Sofie Oyen
- Country (sports): Belgium
- Born: 4 February 1992 (age 33) Leopoldsburg, Belgium
- Height: 1.60 m (5 ft 3 in)
- Plays: Right (two-handed backhand)
- Prize money: $36,938

Singles
- Career record: 155–93
- Career titles: 3 ITF
- Highest ranking: No. 403 (23 August 2010)

Doubles
- Career record: 53–42
- Career titles: 3 ITF
- Highest ranking: No. 526 (21 December 2015)

= Sofie Oyen =

Belgian tennis player

Sofie Oyen (born 4 February 1992) is a Belgian former tennis player.

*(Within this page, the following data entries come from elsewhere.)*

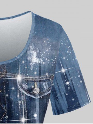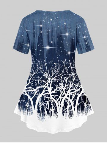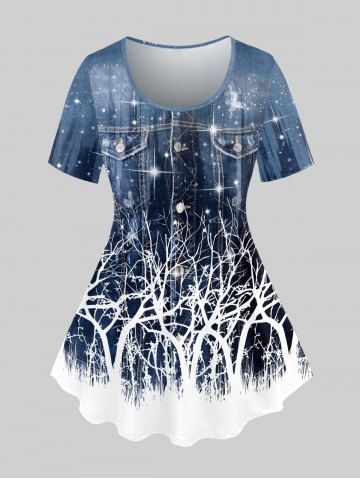 Plus Size 3D Pockets Buttons Glitter Tree Print T-shirt - Deep Blue - 1x
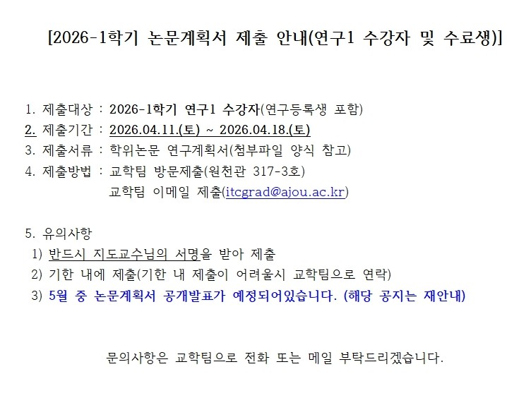 2026-1학기 논문계획서 제출 안내
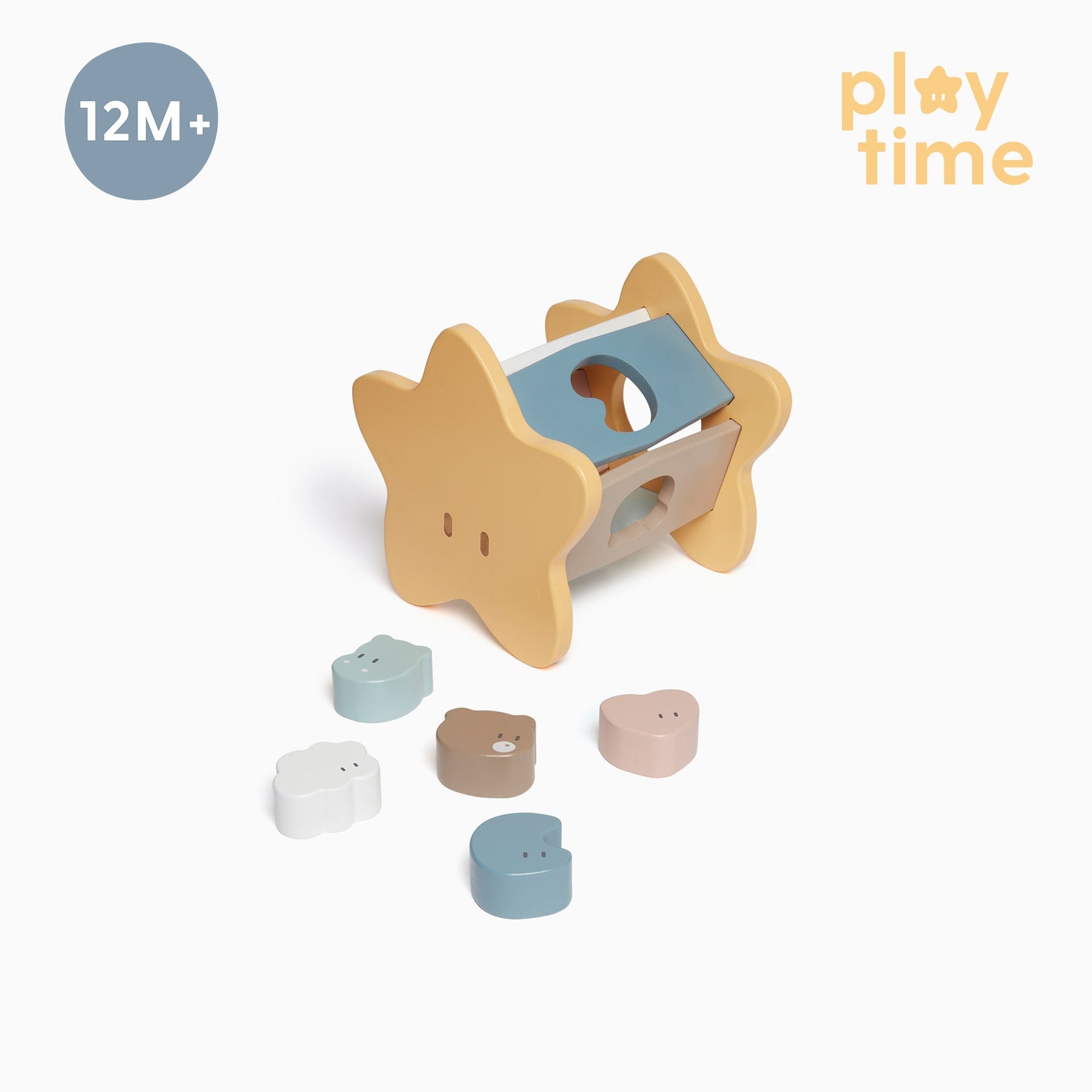 Our Wooden Star Shape Sorter is a clever way for little ones to develop their understanding of shapes & colours. The chunky blocks are a mix of celestial and safari characters painted in muted tones. As well as teaching problem-solving skills, the toy is designed to encourage hand-eye coordination & fine motor skills. The soft edges make it safe for play.
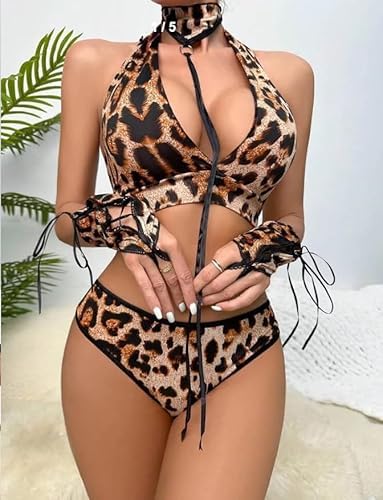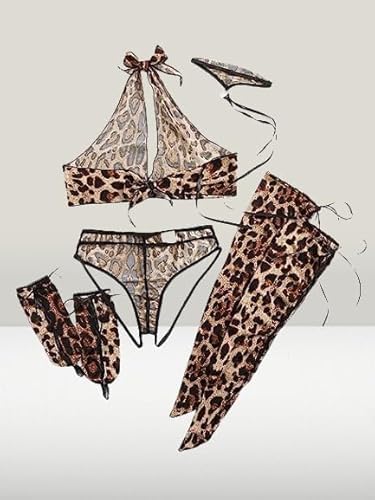 هنادي - طقم لانجري نسائي بتصميم جلد النمر – موديل HN8004 أنيق وجذاب بستايل عصري – وان سايز مناسب حتى 80 كيلو
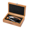 Sada na víno z bambusu s vývrtkou, kroužkem a zátkou v bambusové krabičce.
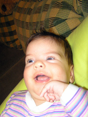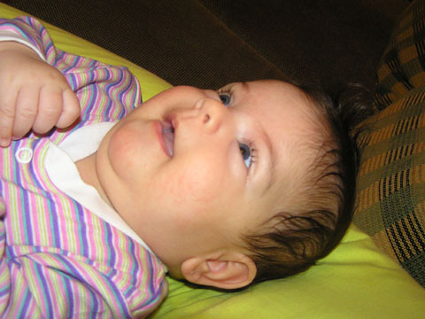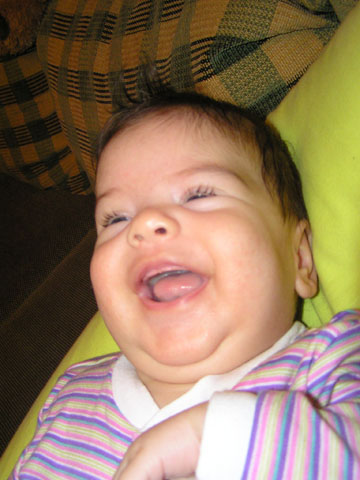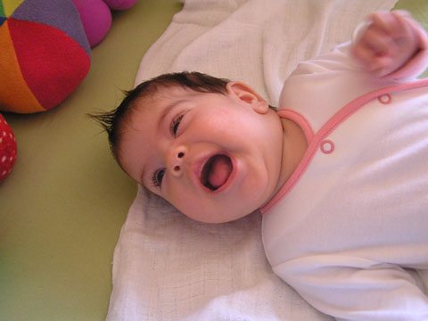 Ha nincs közönsége akkor is elszórakoztatja magát, használja a kezét és a lábát is; kalimpál és hadonászik és nagyokat vigyorog hozzá. Persze a legjobb, ha anya kiveszi és beszél hozzá akkor még szélesebb a jókedve.
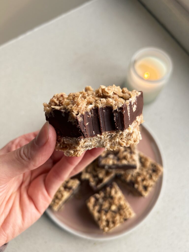 With a sweet crumble base and topping and a creamy chocolate orange centre, these Chocolate Orange Fudge Bars are the perfect festive no bake treat. I am completely addicted to these and they’re something that everybody will love. They’re great as a grab and go snack, packed into lunch boxes or enjoyed as a post dinner sweet treat. They’re completely vegan, incredibly easy to make, and the best part is, no baking is involved!
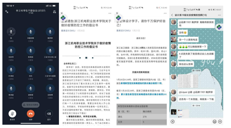 三、发扬人文关怀,传递暖心温情。她实时关注学生思想动态,及时做好了心理疏导,帮助学生树立坚决打赢疫情防控阻击战的信心和勇气。主动倾听学生诉求,对学生近期普遍咨询的开学返校时间、车票退订、实习实践等问题,要按照学校的统一要求及时答疑解惑和服务指导,把学校的关爱之心和牵挂之情传递给每位设计学子。叮嘱每个学生戴口罩,勤洗手,不造谣、不传谣、不信谣,服从安排,不提前返校;每天在线打卡报平安;对有鼻塞、流鼻涕、咳嗽等轻微感冒症状的同学,及时电话、微信沟通,了解症状;突如其来的疫情给很多学生带来了惶恐、焦虑、不安的负面情绪,做好慰问和心理辅导工作,避免引起恐慌……这就是她每天抗疫的“打卡”模式。隔离不隔心,休假不休息,用细心、耐心和爱心与学生们共同抗“疫”。
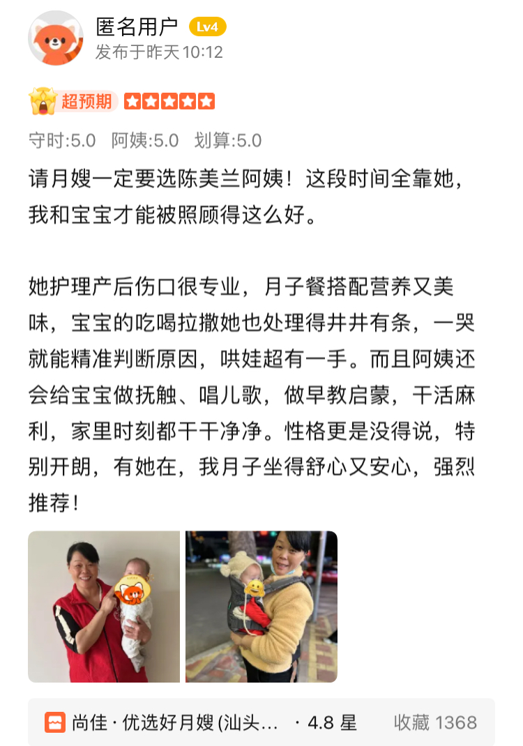 陳美蘭姐姐來自廣西合浦,她非常喜歡小孩子,對(duì)嬰幼兒護(hù)理頗有心得!她為人熱情大方,待人和善,非常樂于助人。為了更好地服務(wù)好客戶,她參加了尚佳公司平臺(tái)提供的考試,考取月嫂證,具備專業(yè)的月嫂技能。在月子餐方面,她比較擅長煲湯、潮汕月子餐等。
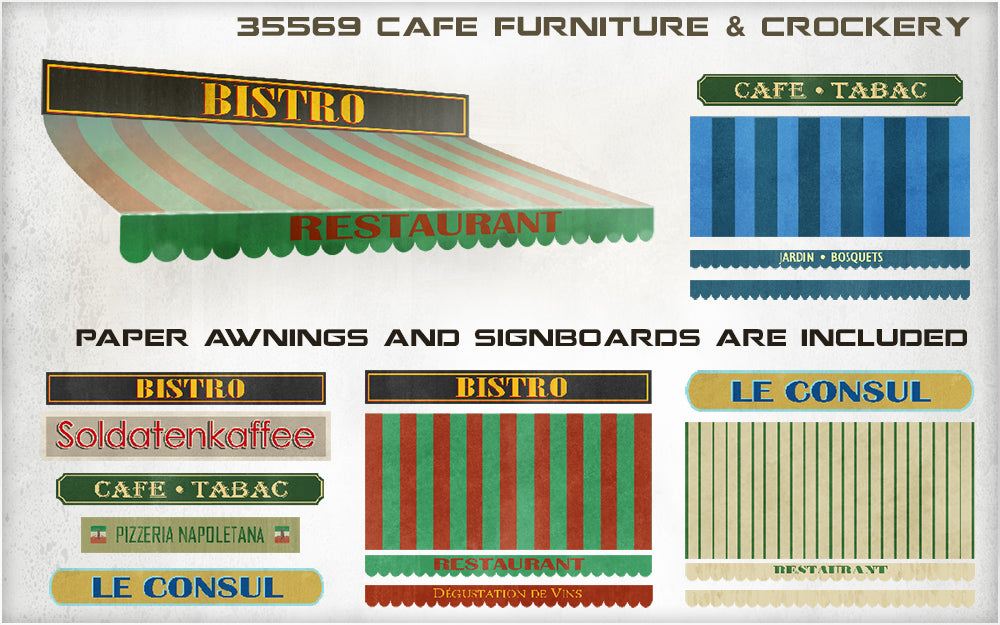 Kit contains unassembled plastic model of Café Furniture & Crockery
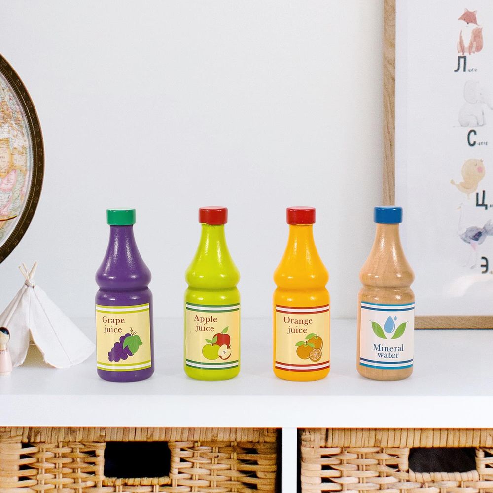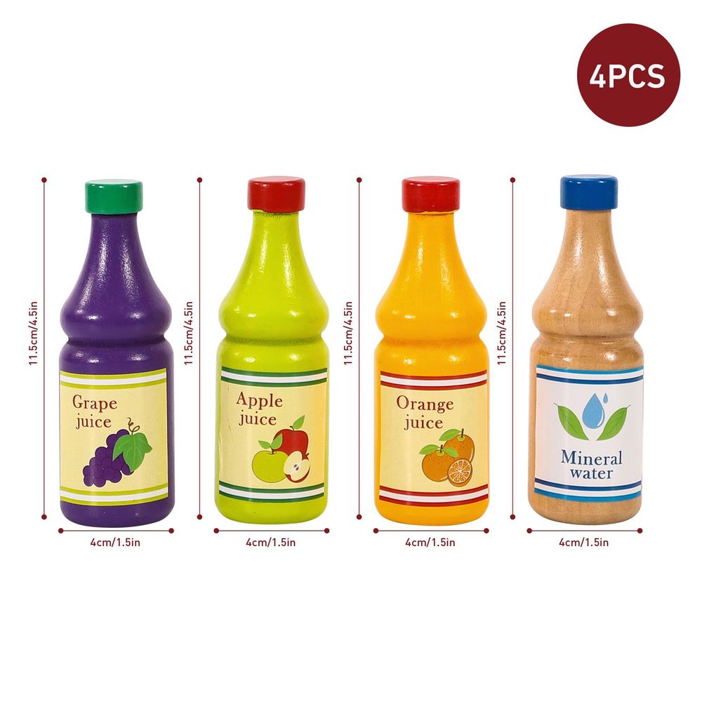 KITCHEN PLAYSET: SOKA pretend play beverage set 4 different wooden drink bottles - Mineral Water, Orange Juice, Apple Juice, Grape Juice. Please note that these are wooden bottles and do not contain any liquid.
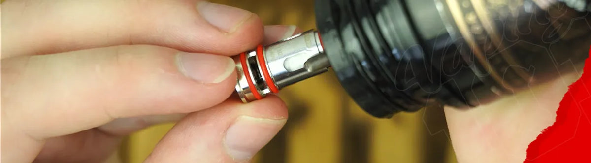 Coil installation is push fit. The coil simply slots into the base chamber and a press fit secures it. The side air holes on the coil housing are arranged so there is no one specific orientation to match when inserting the coil.
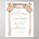 välkomstskyltelegantrustikvälkommen till vårblommigbröllsdusch skyltbröllopsfest välkomsthälsningakvarellguld och rosapersika
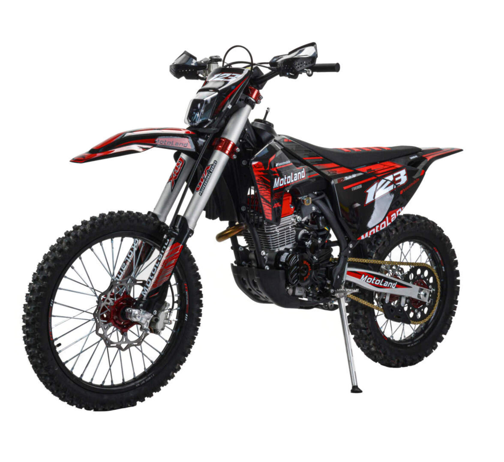 Мотоцикл Motoland XT300 STНадёжная техника оснащенная двигателем 175FMM (PR5 4 клапана) с водяным охлаждением. с кикстартером и электростартером, Мощностью 26 Л.С. на двигателе установлен Карбюратор NIBBI n34 с ускорительным насосом.Это полноразмерный кроссовый мотоцикл его база по осям составляет 1400 мм., и габаритами 2100х800х1120 мм. Высота по седлу составляет 950 мм. Передние и задний амортизаторы с регулировками.За счет сбалансированной базы мотоцикл имеет отличную управляемость, а конструкция рамы и особенности настройки подвески GPX способствуют максимальному поглощению неровностей дорожного покрытия, а так же усиленная прогрессия на игольчатых подшипниках. Алюминиевые обода c антибуксаторами, усиленными спицами и ступицами.На кроссовой резине 80/100-21 / 110/100-18На мотоцикле установлена обновлённая тормозная система обеспечивающая отличные тормозные характеристики. Глушитель с уникальным дизайном прямоточного типа, полностью алюминиевый для облегчения веса.
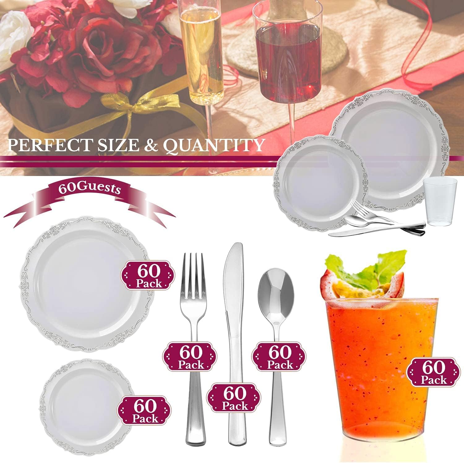 Elegant Plastic Plates, Disposable Dinnerware Sets, Plastic Dinner Plates, Disposable Plates for Party, Disposable Plastic Plates, Party Plates (Clear with Silver, Wedding Value Set (60 Guests))
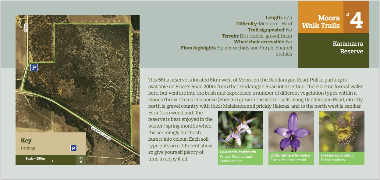 Business Listing for Moora Walk Trails: Karamarra Reserve Attractions, Hikes, Trails & Wildflowers, Things To Do Additional Information Description: This 56ha reserve is located 8km west of Moora on the Dandaragan Road. Pull in parking is available on Price’s Road 200m from the Dandaragan Road intersection. There are no formal walks here, but venture into the bush and experience a number of different vegetation types within a stones throw. Casuarina obesa (Sheoak) grow in the wetter soils along Dandaragan Road, directly north is gravel country with thick Melaleuca and prickly Hakeas, and to the north west is sandier York Gum woodland. The reserve is best enjoyed in the winter/spring months when the seemingly dull bush bursts into colour. Each soil type puts on a different show so give yourself plenty of time to enjoy it all. Features: Length: n/a, Difficulty: Medium – Hard, Trail signposted: No, Terrain: Dirt tracks, gravel, bush, Wheelchair accessible: No, Flora highlights: Spider orchids and Purple Enamel orchids, Download the Walks in the Shire of Moora Eco Trails brochure here: https://www.moora.com.au/wp-content/uploads/2021/04/Walks-in-the-Shire-of-Moora.pdf Images Flowers Moora 2 Screenshot 2024 04 02 143605
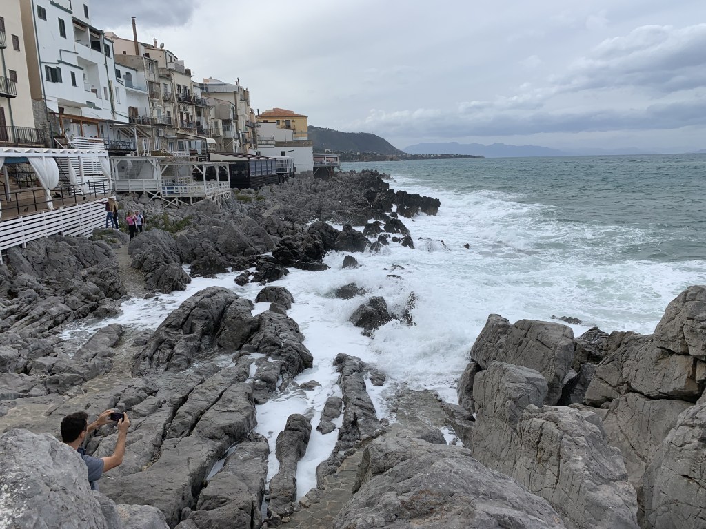 Cazarea din Cefalu a fost una mult mai inspirată, cu privire la mare, deși ca dezavantaj nu puteai pleca de acolo decât cu mașina, pe jos n-ai fi avut cum să ajungi în stațiune, în ciuda distantei mici. (Ai ghicit, lipseau trotuarele, dar deja ne învățasem lecția). În Cefalu însă e o parcare suficient de mare lângă plajă, asta în extra sezon. În sezon sunt convinsă că e bătaie pe locuri.
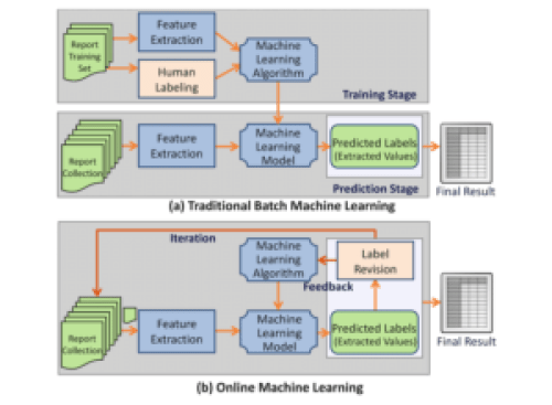 Online machine learning versus batch learning. (a) Batch machine learning workflow; (b) Online machine learning workflow, from Zheng et.al. Effective Information Extraction Framework for Heterogeneous Clinical Reports Using Online Machine Learning and Controlled Vocabularies
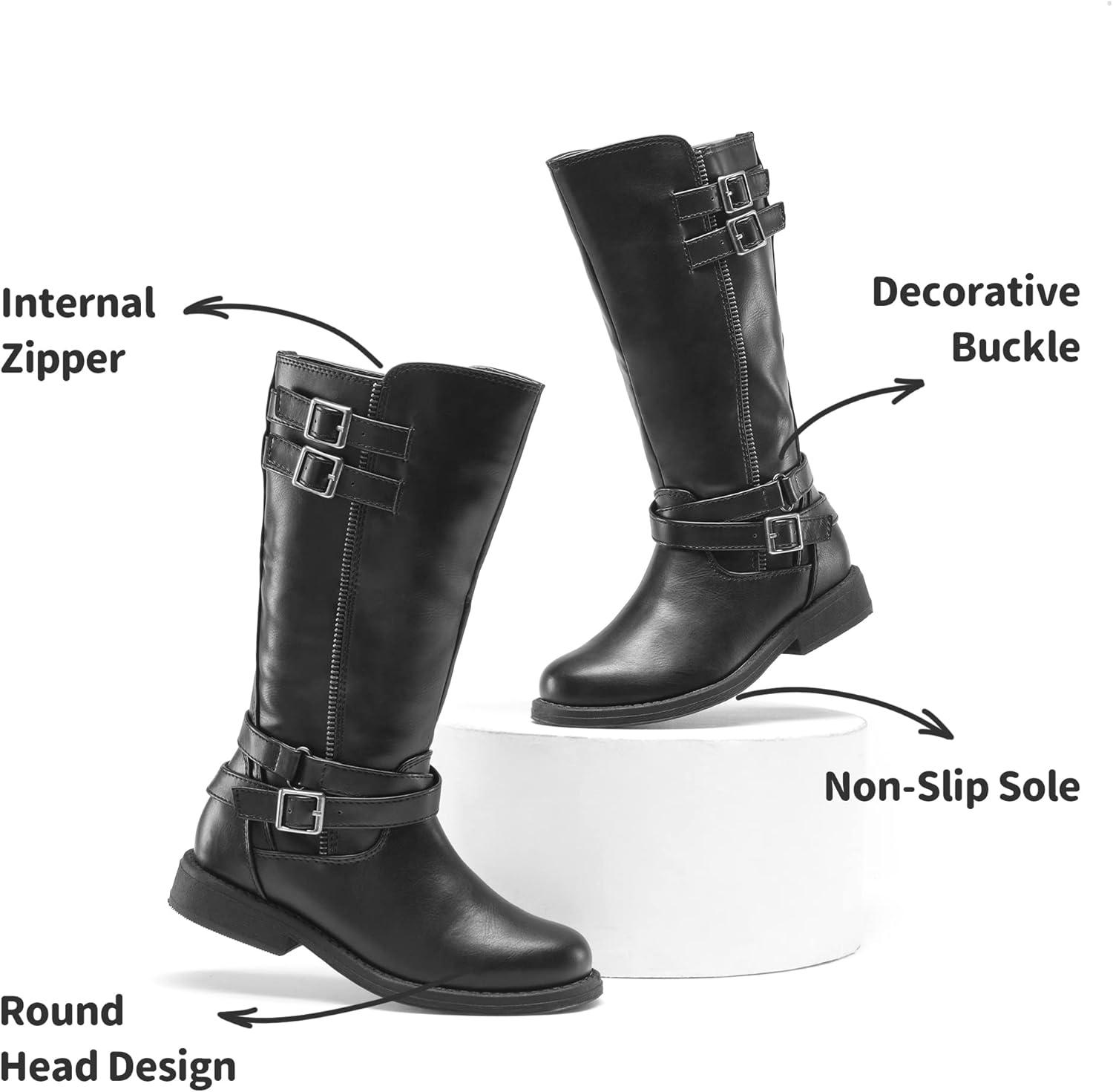 DREAM PAIRS Girls Knee High Fashion Riding Boots for Toddler/Little Kid/Big Kid(Black 03)
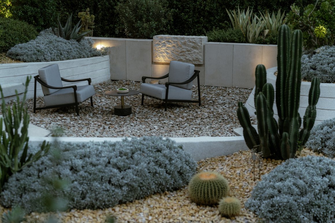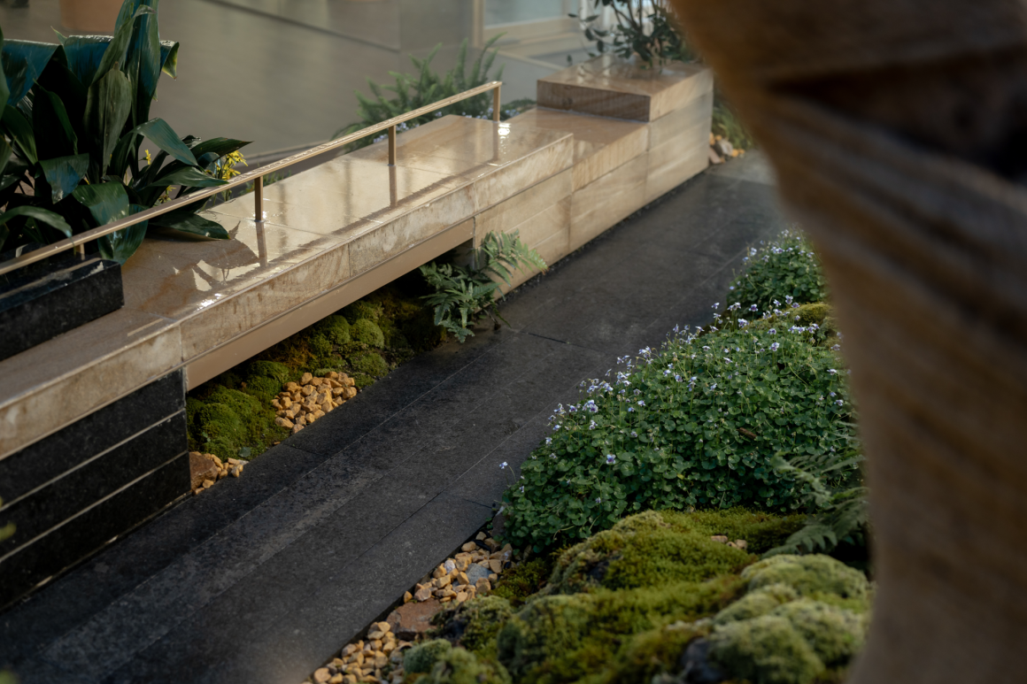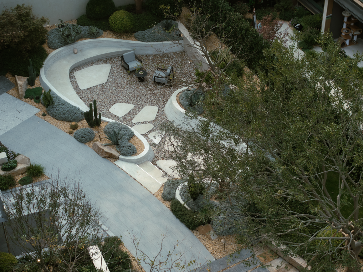 Walking into the four-entry space, a unique frame is formed at the turning point of the flower path, and the scenery stones and flowing water are reflected in it. Walking through the waterscape, the psammophytes on both sides add a sense of art and ornamental value to the courtyard with their peculiar shapes, like natural sculptures, and the artistic wall details create a high-quality rest space, under the backdrop of the waterscape, or meditate, or explore, and taste the quiet and leisurely atmosphere.

In her career, Leopoldsburg-born Oyen won three singles titles and three doubles titles on the ITF Women's Circuit. On 23 August 2010, she reached her best singles ranking of world No. 403. On 21 December 2015, she peaked at No. 526 in the WTA doubles rankings.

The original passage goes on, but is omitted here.